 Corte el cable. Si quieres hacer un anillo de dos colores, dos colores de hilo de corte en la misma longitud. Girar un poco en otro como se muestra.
^^^^
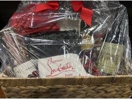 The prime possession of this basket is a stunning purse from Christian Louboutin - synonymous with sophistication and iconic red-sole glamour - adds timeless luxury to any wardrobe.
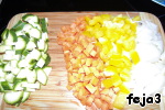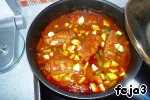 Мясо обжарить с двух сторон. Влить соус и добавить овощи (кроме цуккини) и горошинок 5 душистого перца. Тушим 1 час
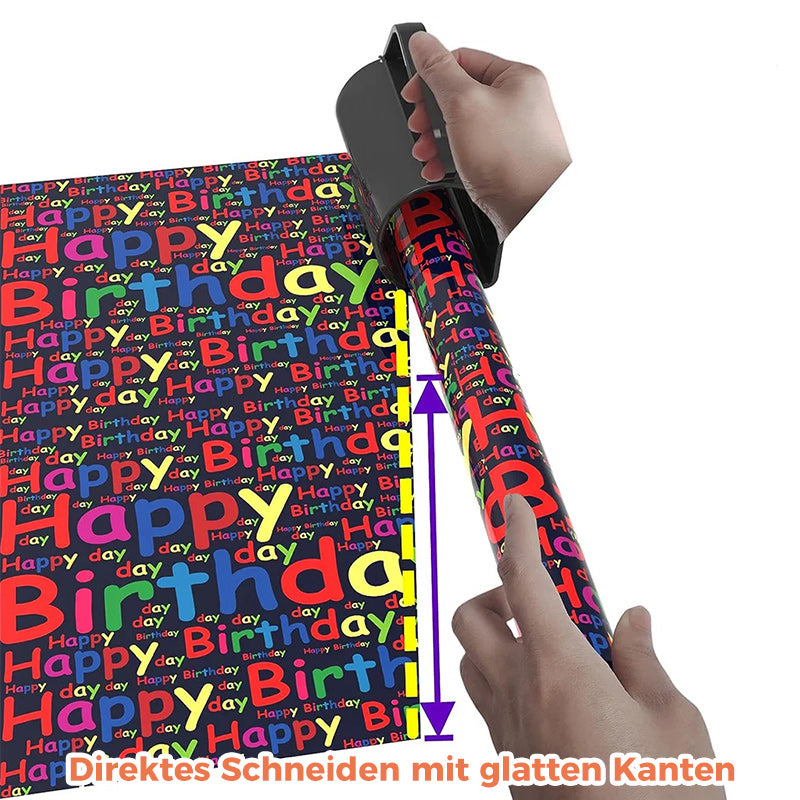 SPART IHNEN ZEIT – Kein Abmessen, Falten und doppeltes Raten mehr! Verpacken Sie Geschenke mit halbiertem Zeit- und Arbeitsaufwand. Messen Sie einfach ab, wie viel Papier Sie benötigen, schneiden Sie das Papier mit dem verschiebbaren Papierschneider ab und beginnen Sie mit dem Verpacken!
^^^^
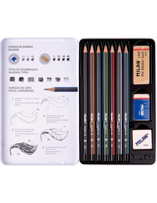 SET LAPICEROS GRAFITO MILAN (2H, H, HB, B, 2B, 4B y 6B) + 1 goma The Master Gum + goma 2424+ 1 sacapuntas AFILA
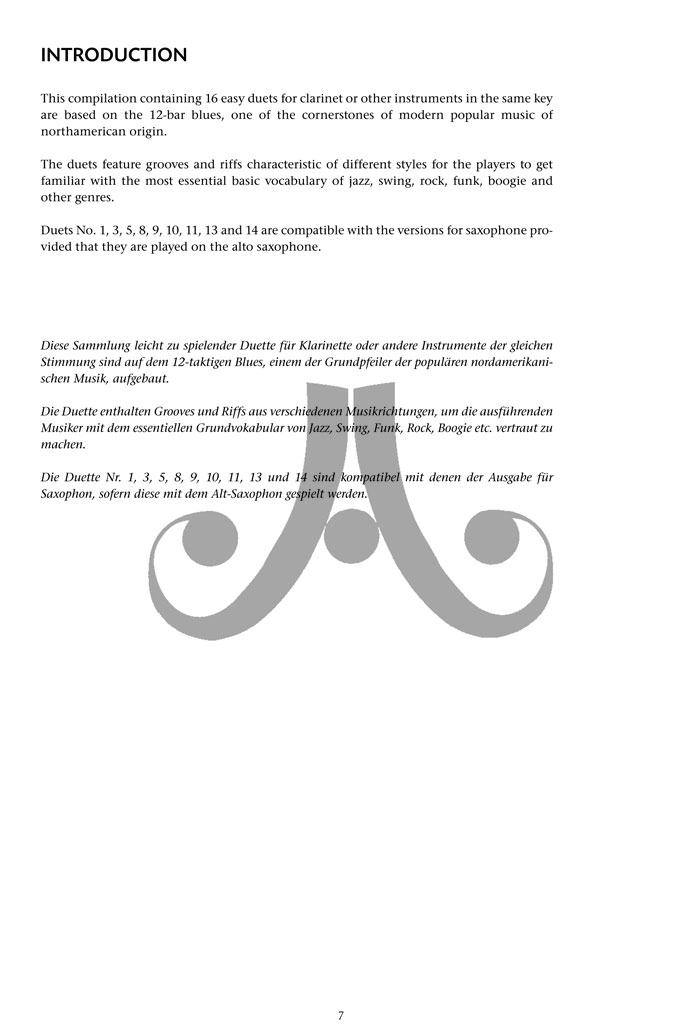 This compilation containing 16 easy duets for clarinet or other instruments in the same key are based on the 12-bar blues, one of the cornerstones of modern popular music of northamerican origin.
^^^^
## Goal of the exercise
Though the entries above contain pictures, none should be copied; reproduce only the lines between the one holding "Мясо обжарить с" and the one holding "SPART IHNEN ZEIT", inclusive, exactly as written.

## Result
 Мясо обжарить с двух сторон. Влить соус и добавить овощи (кроме цуккини) и горошинок 5 душистого перца. Тушим 1 час
 SPART IHNEN ZEIT – Kein Abmessen, Falten und doppeltes Raten mehr! Verpacken Sie Geschenke mit halbiertem Zeit- und Arbeitsaufwand. Messen Sie einfach ab, wie viel Papier Sie benötigen, schneiden Sie das Papier mit dem verschiebbaren Papierschneider ab und beginnen Sie mit dem Verpacken!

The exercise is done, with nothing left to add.